Prompt ::
Set down the data below from its first line to the line holding "The blanket is", inclusive; omit all pictures.

^^^^^^^^^^^^^^^^

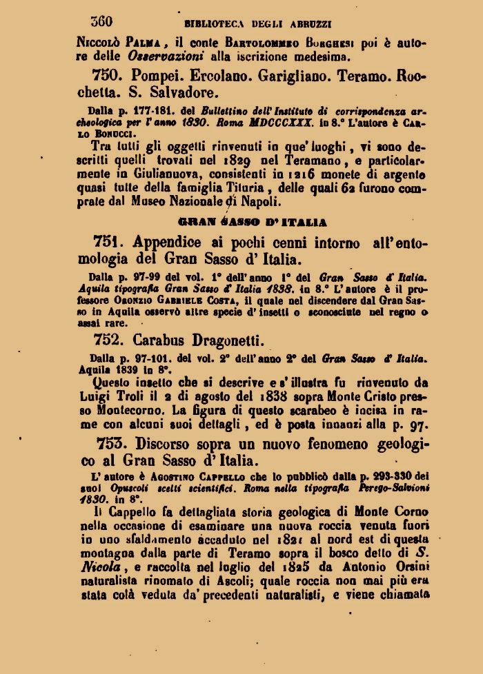 Il Cappello fa dettagliata storia geologica di Monte Corno nella occasione di esaminare una nuova roccia venuta fuori io uno sfaldamento accaduto nel 1821 al nord est di questa montagna dalla parte di Teramo sopra il bosco detto di S. Nicola, e raccolta nel luglio del i8a5 da Aotonio Orsini naturalista rinomato di Ascoli; quale roccia non mai più era stata colà veduta da' precedenti naturalisti, e viene chiamata
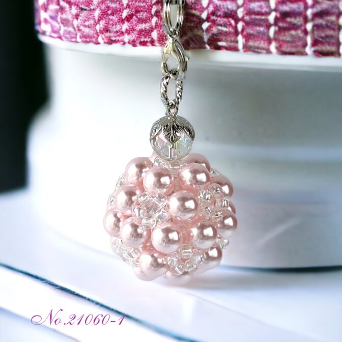 パールビーズの上品な輝きと、ビーズ全体の華やかさが絶妙に調和し、普段使いはもちろん、特別なお出かけの日のバッグチャームとしてもおすすめです。
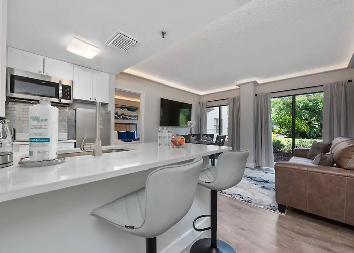 Para tu comodidad, el 2 Suites At The Enclave Near Universal dispone de una cocina bien equipada con un lavavajillas, cafetera/tetera y una nevera. El 2 Suites At The Enclave Near Universal está a 25 minutos en coche del aeropuerto Internacional de Orlando.
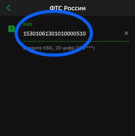 Введите КБК (Код бюджетной классификации) Федеральной таможенной службы: 15301061301010000510.
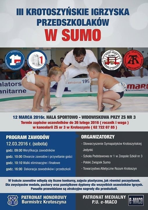 Stowarzyszenie Sympatyków Krotoszyńskiej Jedynki, Szkoła Podstawowa nr 1 w Zespole Szkół nr 3, Polski Związek Sumo oraz Towarzystwo Atletyczne Rozum Krotoszyn zapraszają na III Krotoszyńskie Igrzyska Przedszkolaków w Sumo.
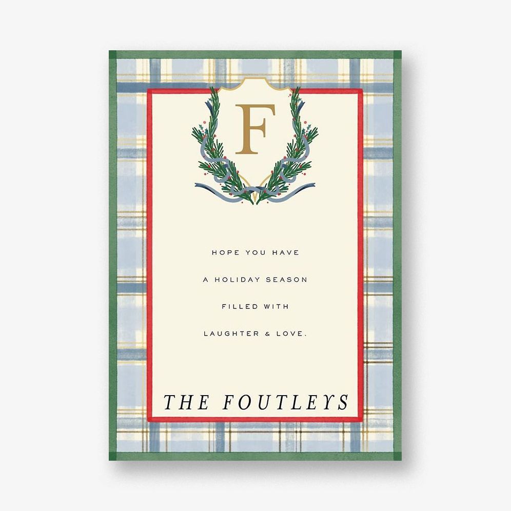 Wrap your holiday greetings in classic plaid. handpainted to add a touch of timeless charm. Printed on Mohawk 120.0 lb Superfine Ultra White. This paper is FSC certified. with 30% post consumer recycled content. and made using wind power.
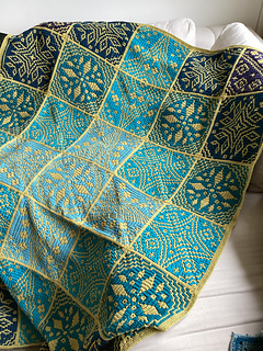 The blanket is made in overlay mosaic technique and can only be crocheted from the center out.
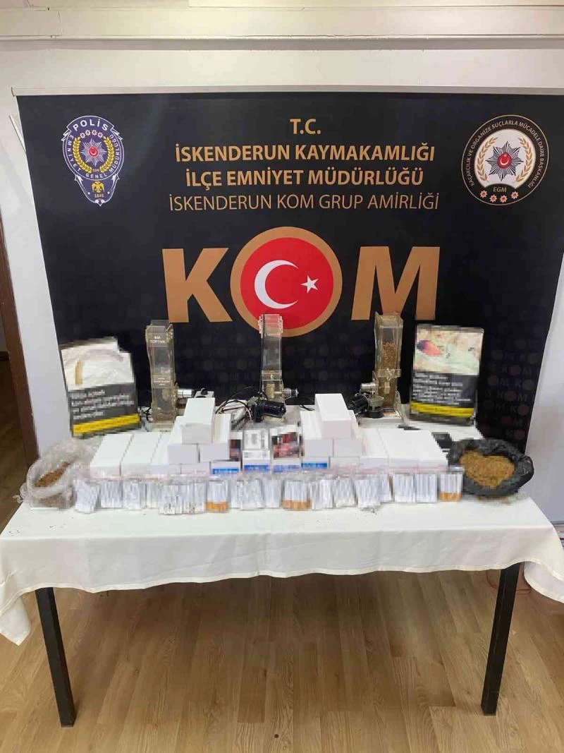 Hatay’ın Payas ilçesinde bir evde gümrük kaçağı 7 bin adet makaron, 15 kilogram kaçak tütün, elektronik sigara sarma makinesi ele geçirildi.
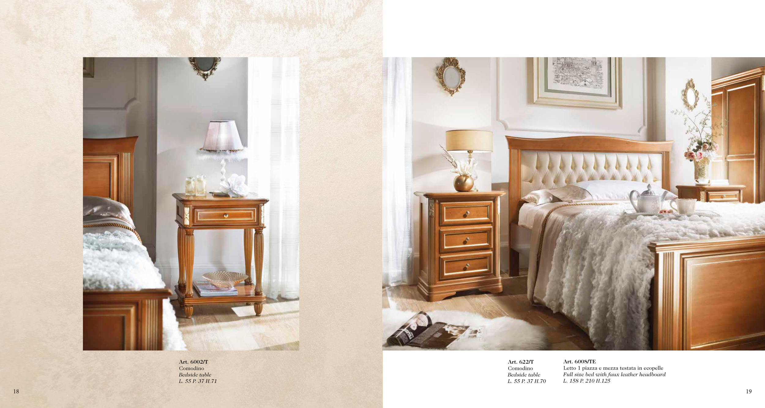 Art. 6002/T Comodino Bedside table L. 55 P. 37 H.71 Art. 622/T Comodino Bedside table L. 55 P. 37 H.70 Art. 6008/TE Letto 1 piazza e mezza testata in ecopelle Full size bed with faux leather headboard L. 158 P. 210 H.125 18 19
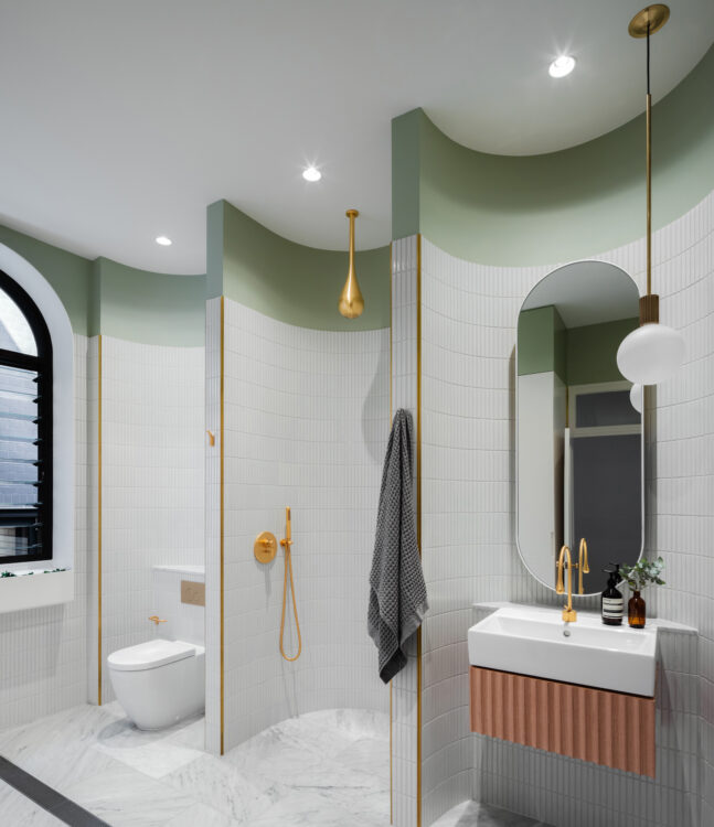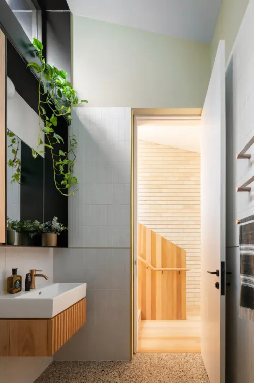 The two-storey rear addition adds two bedrooms and a bathroom upstairs, with a downstairs living, dining and kitchen area bookended by nature. Stitching old and new together is a timber-lined staircase adjoining a central light well that brings daylight, fresh air, and a garden pocket to the centre of the plan.
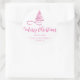 Adesivo Redondo Árvore de Friso Rosa, Manchete de Natal Feliz
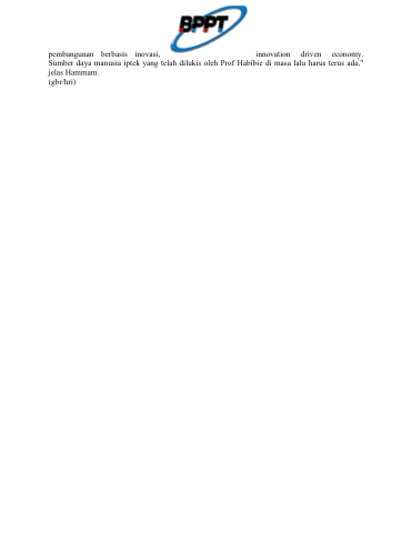 pembangunan berbasis inovasi, innovation driven economy. Sumber daya manusia iptek yang telah dilukis oleh Prof Habibie di masa lalu harus terus ada," jelas Hammam. (gbr/hri)
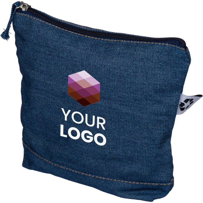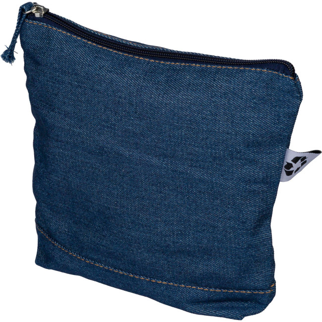 Necessaire in denim riciclato, dimensioni 21 x 18,5 cm, scomparto principale con chiusura lampo, etichetta materiale "riciclato" esterna.
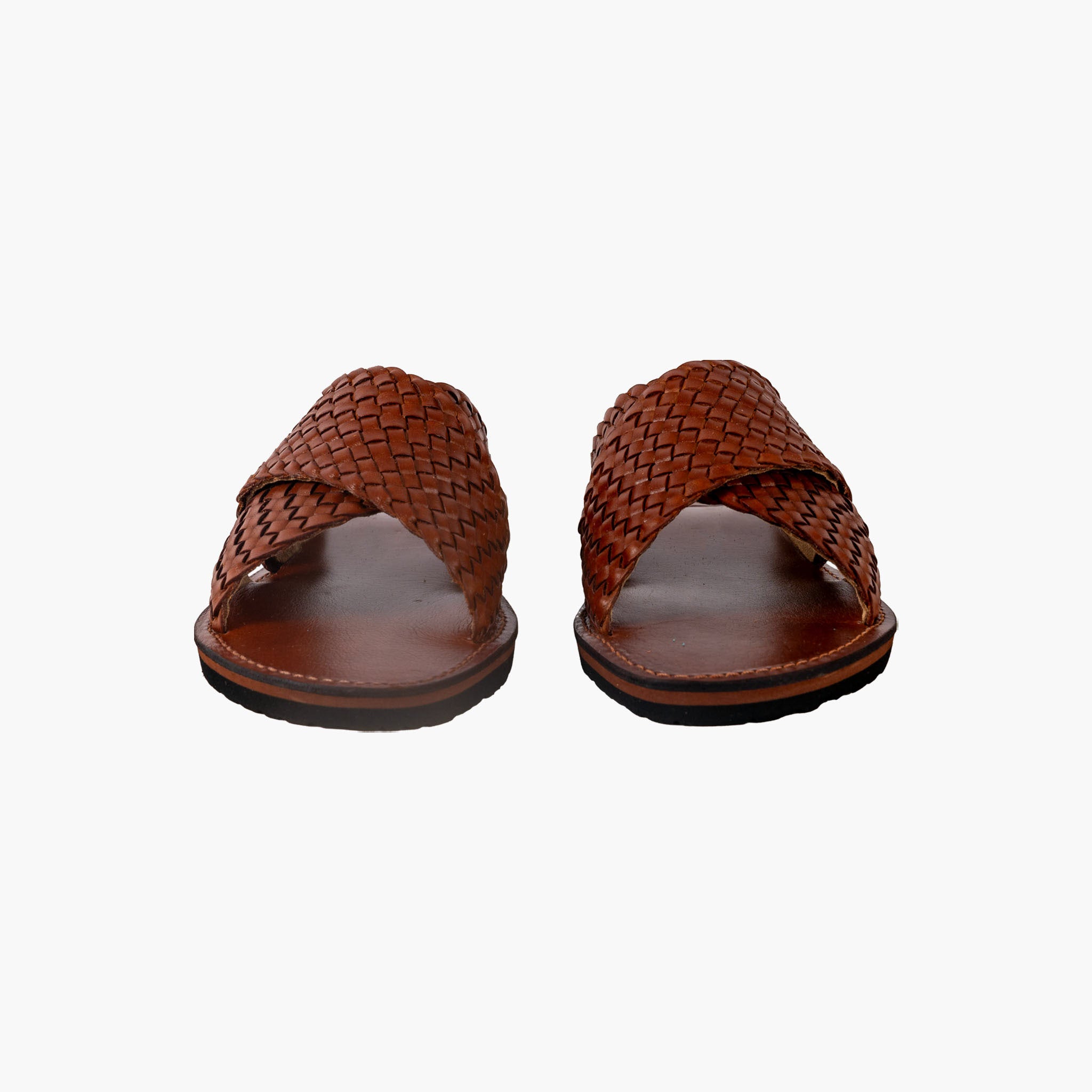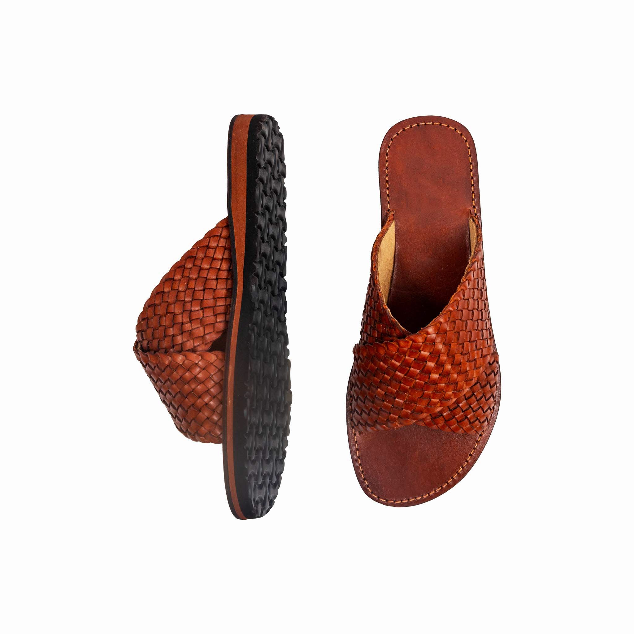 Aggiungi un tocco di artigianato senza tempo e raffinatezza quotidiana al tuo guardaroba con questi sandali da uomo in pelle intrecciata marrone, ispirati ai modelli marocchini. Disegnati con una raffinata silhouette a punta aperta e un'elegante costruzione a fascia incrociata, questo paio fonde l'ispirazione tradizionale marocchina con una finitura pulita e maschile adatta all'abbigliamento casual moderno.
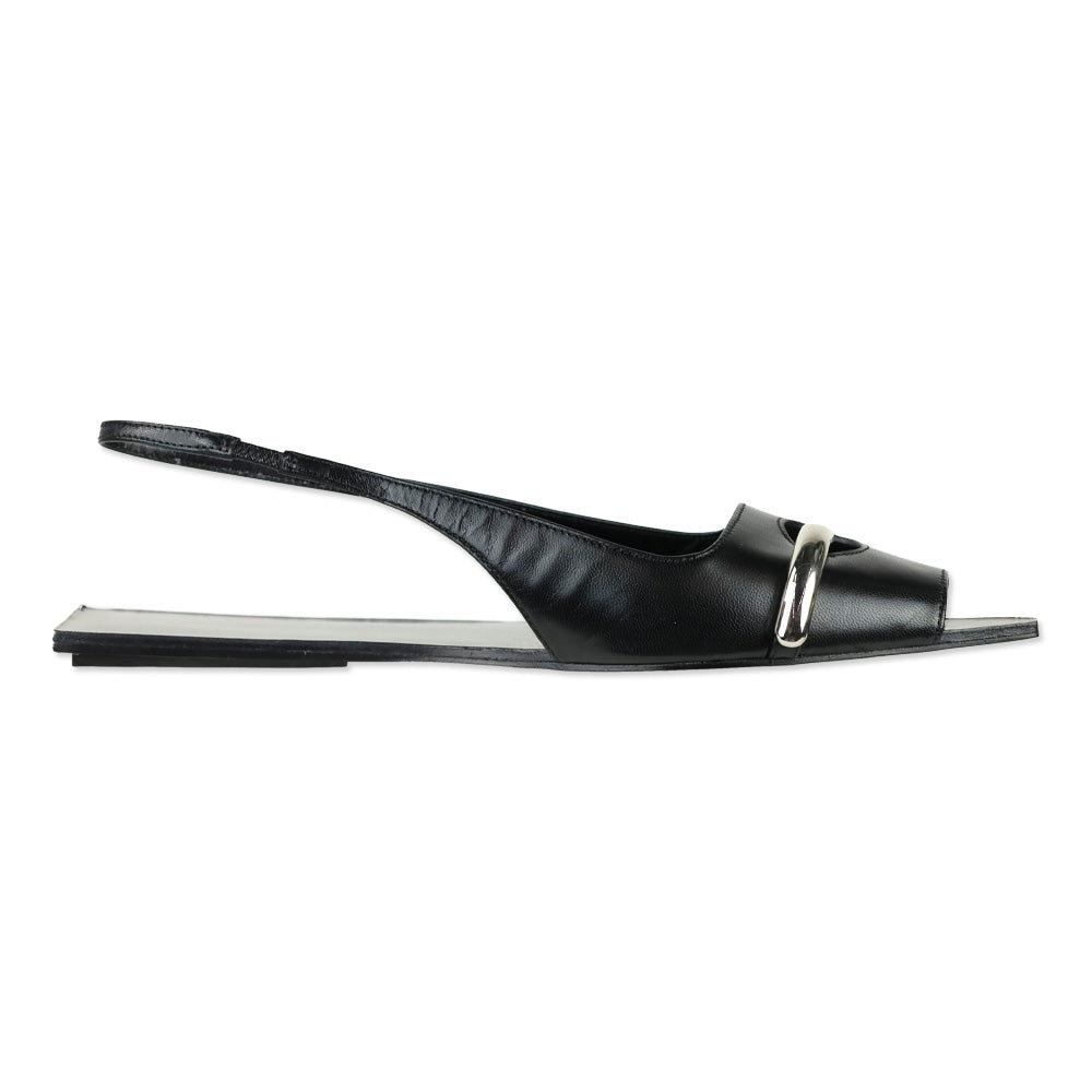 The Tory Burch Black Goat Leather Pierced Slingback Flat blends modern edge with refined craftsmanship. Designed with cut-out detailing, a pointed open toe, and a sleek slingback silhouette, these flats bring effortless polish to any look.

^^^^^^^^^^^^^^^^

Reply to the task ::
 Il Cappello fa dettagliata storia geologica di Monte Corno nella occasione di esaminare una nuova roccia venuta fuori io uno sfaldamento accaduto nel 1821 al nord est di questa montagna dalla parte di Teramo sopra il bosco detto di S. Nicola, e raccolta nel luglio del i8a5 da Aotonio Orsini naturalista rinomato di Ascoli; quale roccia non mai più era stata colà veduta da' precedenti naturalisti, e viene chiamata
 パールビーズの上品な輝きと、ビーズ全体の華やかさが絶妙に調和し、普段使いはもちろん、特別なお出かけの日のバッグチャームとしてもおすすめです。
 Para tu comodidad, el 2 Suites At The Enclave Near Universal dispone de una cocina bien equipada con un lavavajillas, cafetera/tetera y una nevera. El 2 Suites At The Enclave Near Universal está a 25 minutos en coche del aeropuerto Internacional de Orlando.
 Введите КБК (Код бюджетной классификации) Федеральной таможенной службы: 15301061301010000510.
 Stowarzyszenie Sympatyków Krotoszyńskiej Jedynki, Szkoła Podstawowa nr 1 w Zespole Szkół nr 3, Polski Związek Sumo oraz Towarzystwo Atletyczne Rozum Krotoszyn zapraszają na III Krotoszyńskie Igrzyska Przedszkolaków w Sumo.
 Wrap your holiday greetings in classic plaid. handpainted to add a touch of timeless charm. Printed on Mohawk 120.0 lb Superfine Ultra White. This paper is FSC certified. with 30% post consumer recycled content. and made using wind power.
 The blanket is made in overlay mosaic technique and can only be crocheted from the center out.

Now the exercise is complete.